Patsy Walker: Hellcat #1-4: Oh what to say? I love this mini-series. It's beautifully drawn, it alternates between silly and serious, and it doesn't just hand everything to you on a silver platter. On the downside, it's driving me insane trying to figure out what deeper meaning Immonen is driving at. i keep seeing different little things that make me think this or that, and I just can't put it all together. [It makes perfect sense. Just listen *Wade begins gesturing, but not making any sound*] Wade, what are you doing, you didn't say a word. [The white caption box was talking, weren't you paying attention?] Deadpool, that's a visual gag! We're doing a text piece!
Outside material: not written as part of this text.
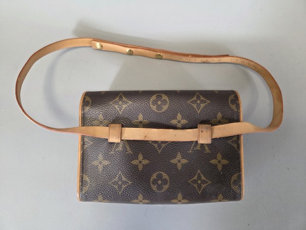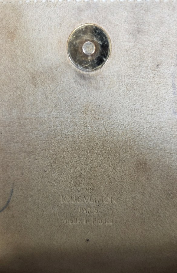 VUITTON. Pochette avec bandoulière réglable par bouton pression. 11 x 16 x 3 cm. Accident, usure, traces de stylo, salissure. Bouton non fonctionnant.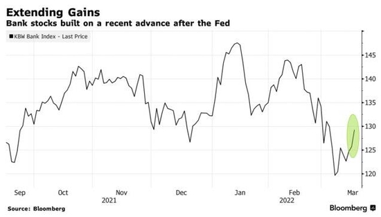 在美联储时隔逾三年再度步入紧缩周期后,包括摩根大通、美国银行和花旗集团等在内的多家美国大型银行,无疑正成为这一决定下的大赢家。周三,银行股是标普500指数中表现最好的板块之一,涨幅达到3.7%,触及了两周以来的最高水平。KBW银行指数也止住了过去一个月的颓势,全天大幅反弹逾3.6%。

It's like trying to do Keystone Kops on the radio! [Good morning Vietnam! *throws a grenade over his shoulder* KABOOM!]

High Point: #1, How Patsy deals with rude people in a bar. Her exchange with herself in #3 when the forest is catching on fire (Great! I can see the headlines now. Hellcat burns down Alaska. Iron Man says, "It's not my fault." "Is too," says Hellcat.) How she deals with a naughty giant wolf that knocks over her vehicle. Her devious and manipulative nature.

Low Point: That three-month wait between #3 and #4. Sure, it gave us Cornelius Potfiller, but that's really not going to balance the scales. [Not with your writing skills.] Gee, thanks Wade. My self-esteem needed that punch to the kidneys. [I could give your body a punch to the kidneys, make a matched set.] No.

2 comments:

Seangreyson said...

When I saw your note about Manifest Destiny I thought it might have been an error in a limited print run or something. Now the organizer in me is so confused, where do I file the book, with the rest of Manifest Destiny or with X-men/Spider Man. Gah!

As for Ms Marvel. Secret Invasion's issues weren't great, but it seems to have picked up a bit post-Invasion.

The secret agent Carol is actually kind of fun, and last issue's team up with Spiderman was actually great (particularly Spidey's last request of Carol, one of the few consequences of One More Day I'm willing to accept).

CalvinPitt said...

seangreyson: I'd probably file the issue with X-Men/Spider-Man, based on the actual content inside.